Discounts and bonuses were granted for reasons such as product positioning in the store (for example, the supplier granted a discount so that its product was in a more visible location) or reimbursement for the costs that Carrefour had with distribution.
Wednesday's decision (3/15) represents a reversal of understanding in the group, which in September 2022 decided a similar case by breaking the tie in favor of the taxpayer. The position had been taken in process 10480.722794/2015-59, of Bompreço Supermercados do Nordeste Ltda.
In defending the exemption from the charge, Carrefour's lawyer, Giancarlo Matarazzo, from Pinheiro Neto, stated that the triggering event for PIS and Cofins is to obtain revenue. The discounts, in his view, would not have the characteristics of revenue, since they are not related to Carrefour's corporate purpose.

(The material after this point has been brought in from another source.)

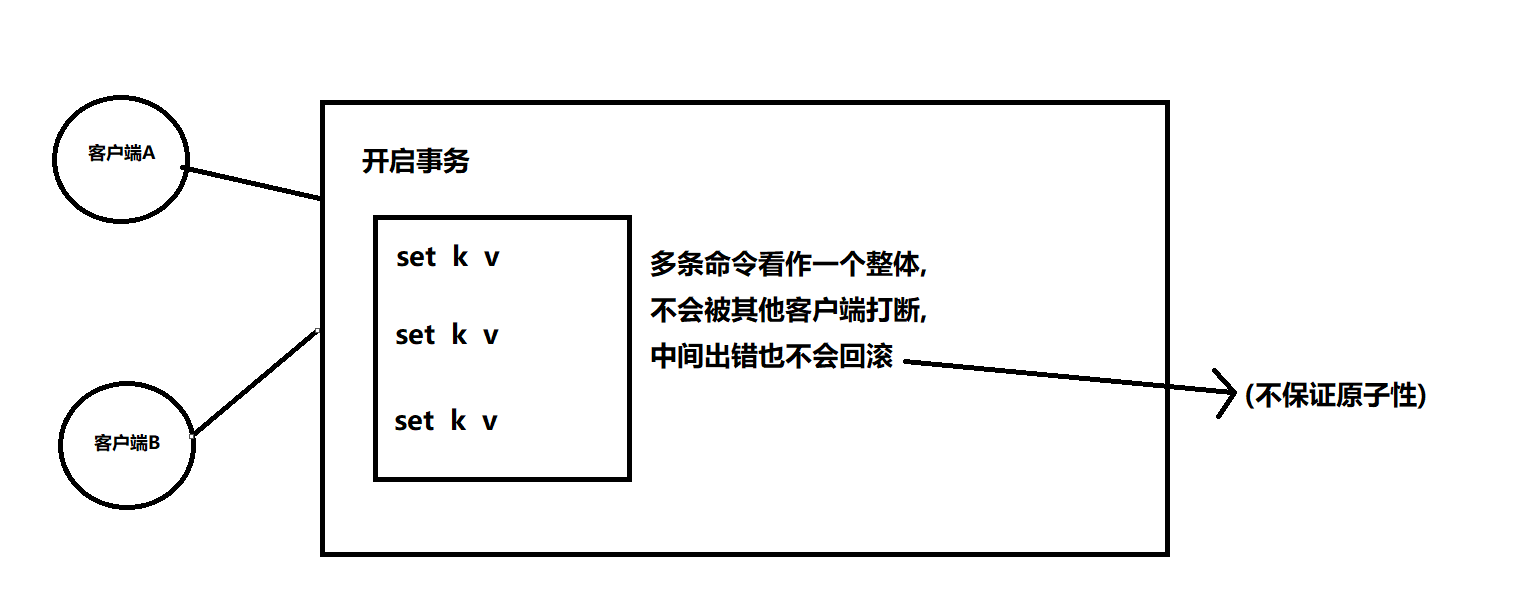 但是事务不保证同一事物中多条命令执行的原子性,即使命令有错误也会添加到队列中,执行报错也不影响其他命令执行.

According to Matarazzo, the company is engaged in the purchase and resale of goods, and does not provide services to its suppliers. According to the defense attorney, the discounts recorded represent price formation elements and are cost reducers, not fulfilling the legal concept of revenue. The attorney noted that, even if it were revenue, it would be financial revenue, subject to the zero PIS/Cofins rate.
Consideration
The rapporteur, counselor Vanessa Marini Cecconello, granted the taxpayer's appeal. The judge followed a well-known position, according to which discounts and bonuses are not considered revenue.
Councilor Rosaldo Trevisan dissented. For the judge, the crux of the issue is the consideration nature of the bonuses. According to him, they are not unconditional discounts, since they are linked to issues such as reimbursement for distribution, profit margin guarantee and store opening and renovation. The majority of councilors agreed with this understanding.

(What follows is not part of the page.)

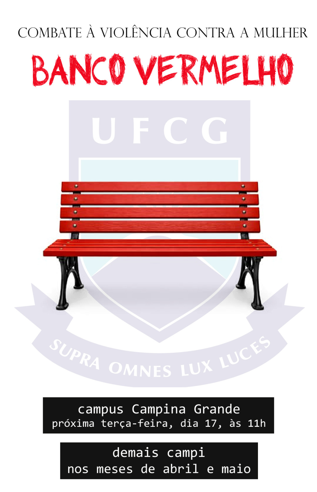 As atividades tiveram início nessa quinta-feira, dia 12, nos campi Cajazeiras e Patos, com debates sobre raízes do feminicídio, saúde da mulher, as múltiplas facetas da violência e apresentação do Comitê Permanente de Prevenção e Enfrentamento ao Assédio Moral e Sexual e a todas as Formas de Discriminação e Violência da UFCG.

In September of last year, in the Bompreço case trial, the vote that led to a tie was cast by former Carf president Carlos Henrique de Oliveira, who voted in favor of the taxpayer. The tiebreaker rule in favor of the taxpayer, which was still in force, was then applied. The rapporteur of the case, Valcir Gassen, understood that the bonuses constitute revenue and voted in favor of taxation, even though he is one of the counselors representing the taxpayers in the panel.
On Wednesday, Gassen repeated his pro-tax vote. Councilors Vanessa Marini Cecconello, Tatiana Midori Migiyama and Erika Costa Camargos Autran, also representing the taxpayer, were defeated.
The process runs under number 16561.720008/2012-12.